SUR LES DEMANDES ACCESSOIRES :
M. [O] [S] et Mme [F] [G], parties perdantes, supporteront in solidum la charge des dépens de l’instance, en ce compris le coût des actes de commissaire de justice.
M. [O] [S] et Mme [F] [G]seront condamnés in solidum à verser à la commune de [Localité 8] la somme de 300 euros sur le fondement de l’article 700 du Code de procédure civile.

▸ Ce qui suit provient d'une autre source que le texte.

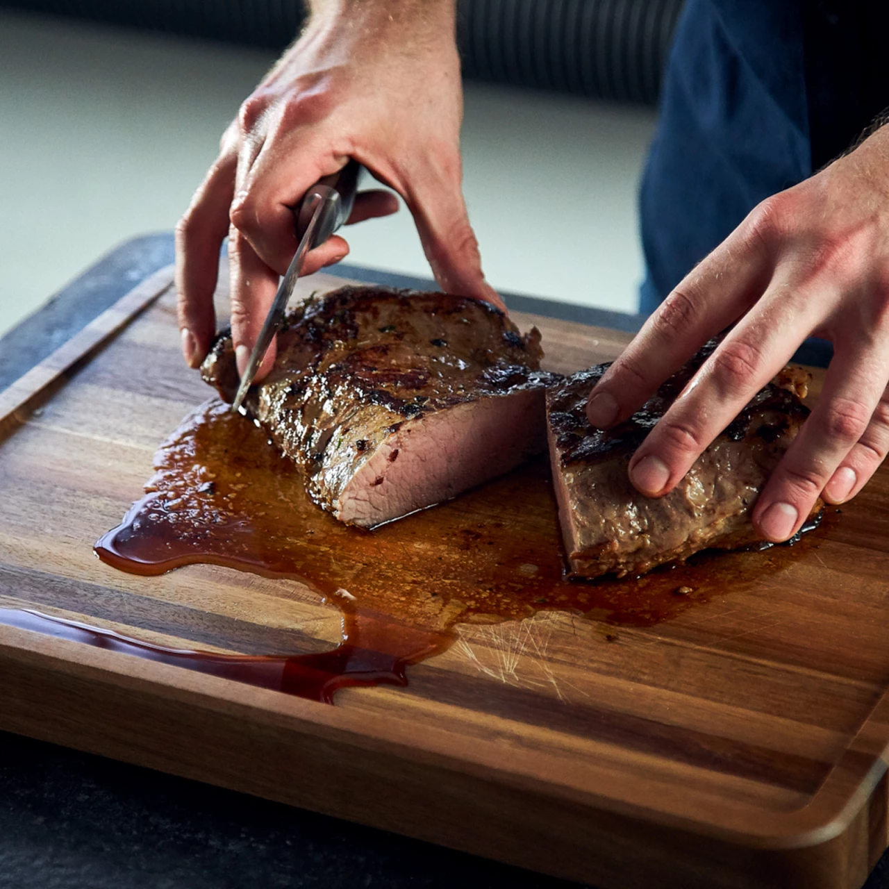 - Ein Brett zwei Seiten: Die obere Seite des Bretts ist leicht angewickelt um wichtige Flüssigkeiten in der Saftkulle aufzufangen, die andere, glatte Seite bietet dir genug Platz für eher trockene Zutaten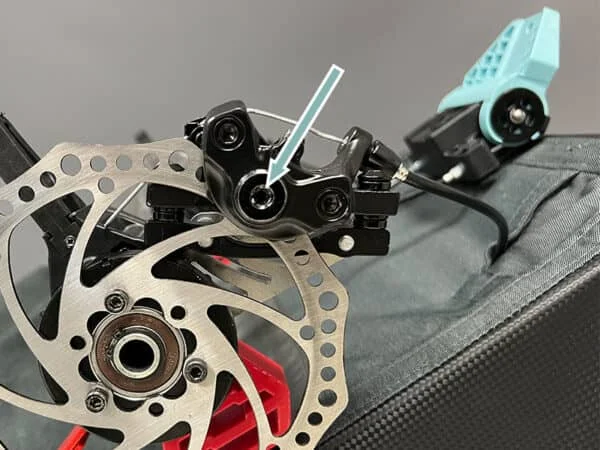 • Löse die beiden Schrauben am Bremssattel mithilfe eines Innensechskantschlüssels der Größe 5. Der Bremssattel lässt sich jetzt seitlich in der Position verschieben.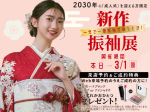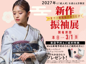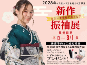 京彩海老名店は、振袖だけではなく、小物類に至るまで、どこにも負けない品揃えでお待ちしております。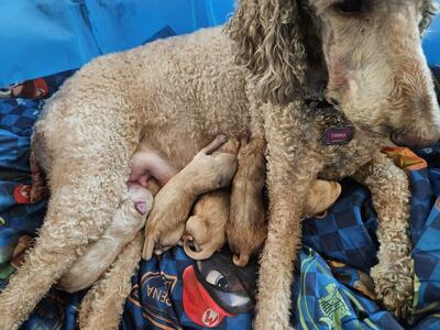 9 healthy puppies arrived June 4th! AKC registered buff standard poodle female successfully bred to ...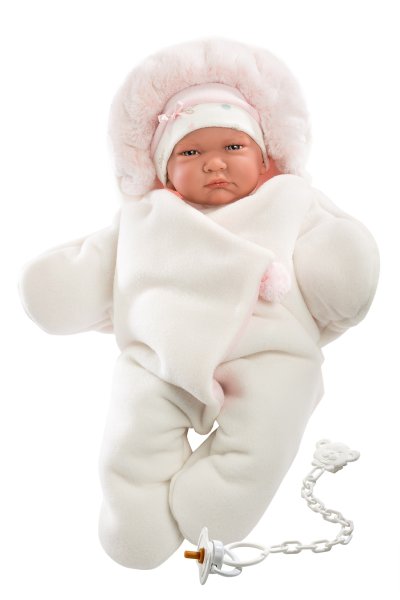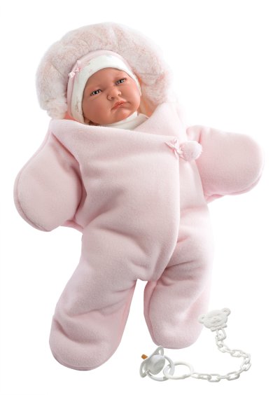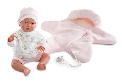 3dielny obleček s obojstranným fleecovým overalom v tvare hviezdy pre bábiku bábätko NEW BORN Llorens veľkosti 40-42 cm. Vyrobené v Španielsku, balené v igelitovom obale s plastovým alebo kartónovým ramienkom. Odporúčaný vek od 3 rokov.

La présente décision est exécutoire par provision conformément aux articles 484 et 514 du code de procédure civile.
PAR CES MOTIFS
Le juge des contentieux de la protection, statuant en référé, par mise à disposition au greffe, par ordonnance réputée contradictoire et en premier ressort,
CONSTATE que M. [O] [S] et Mme [F] [G] occupent sans droit ni titre l’immeuble situé [Adresse 4] ;
CONSTATE l’existence d’un trouble manifestement illicite donnant pouvoir au juge des référés pour trancher la demande d’expulsion ;
ORDONNE en conséquence à M. [O] [S] et Mme [F] [G] de libérer les lieux ;
CONSTATE que la commune de [Localité 8] n’a pas sollicité la suppression du délai prévu à l’ article L412-1 du Code des procédures civiles d’exécution ni celui prévu à l’article L412-6 du Code des procédures civiles d’exécution ;
DIT, en conséquence, qu’à défaut pour M. [O] [S] et Mme [F] [G] d’avoir volontairement libéré les lieux dans les deux mois de la signification d’un commandement de quitter les lieux, la commune de [Localité 8] pourra faire procéder à leur expulsion ainsi qu’à celle de tout occupant de leur chef, au besoin avec le concours de la force publique et d’un serrurier ;
REJETTE la demande d’astreinte de la commune de [Localité 8] ;
DIT n’y avoir lieu à statuer sur le sort des meubles, hypothétiques à ce stade ;
DEBOUTE la commune de [Localité 8] de sa demande en indemnité d’occupation ;
CONDAMNE in solidum M. [O] [S] et Mme [F] [G] aux dépens de l’instance, en ce compris les frais de commissaire de justice ;
CONDAMNE in solidum M. [O] [S] et Mme [F] [G] à verser à la commune de [Localité 8] la somme de 300 euros en application de l’article 700 du Code de procédure civile ;
REJETTE toute autre prétention;
RAPPELLE que la présente ordonnance est de plein droit exécutoire par provision.